What is the most vulnerable time for a new and growing business? The answer varies depending on whom you ask. One school of thought, however, brackets the six months before and after the death of the business owner as the riskiest period.
Considering that a business is often an owner’s most significant asset, continued smooth operation during this high-risk time deserves prioritizing – especially as the probate process is undertaken. Covering the bases rests in robust planning that anticipates and avoids probate hurdles.
Think and act ahead
Everyone knows it’s important to have a personal estate plan in place to avoid probate hassles. Having a will is the cornerstone of such plans but when it comes to business; don’t overestimate a will’s power.
Legally, a will expresses the creator’s desire for distributing assets. The probate court is obliged to use the document to guide decisions, but only if it is appropriately and legally executed. For the sake of business continuity, you want a separate legal roadmap so that operations continue smoothly throughout the probate process. To achieve that, it’s best to, in advance:
- Name who will run the business through the probate procedures
- Establish plans for maintaining business cash flow and family income
- Identify a power of attorney entrusted only with ushering business interests through probate
At ground level
In addition to the items above, there are some other keystones worth understanding.
- Buy-Sell agreements: These contracts are like prenuptial agreements, laying out terms for business interest holders about when they can sell their interests, to whom and at what price.
- Trusts: While highly touted and useful in providing probate protection, the wrong type of trust can hurt a business. You manage your business in a revocable trust.
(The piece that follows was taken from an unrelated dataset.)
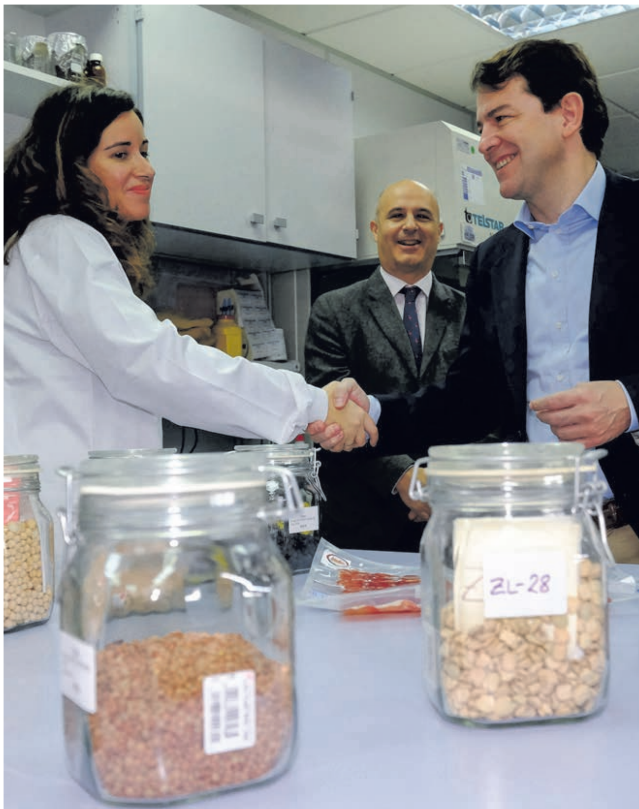
Alfonso Fernández Mañueco, durante su visita a las instalaciones del Instituto Tecnológico Agrario de Castilla y León (ITACYL).

Castilla y León está planteando también que haya una ayuda directa principal o ayuda básica a la renta regionali-

A trustee manages it if the business is in an irrevocable trust.
- Real estate: Business-owned real estate is treated as a business asset in probate. But property is often owned separately and rented to the business. In such cases, joint ownership with right of survivorship spelled out, a life estate or transfer on death deed, mitigates or eliminates probate hassles.
Finally, consider inventorying indirect business-related assets – such as patents or insurance policies – to be sure titling and beneficiary designations are established correctly.
In the end, a clear plan reduces potential damaging probate snarls.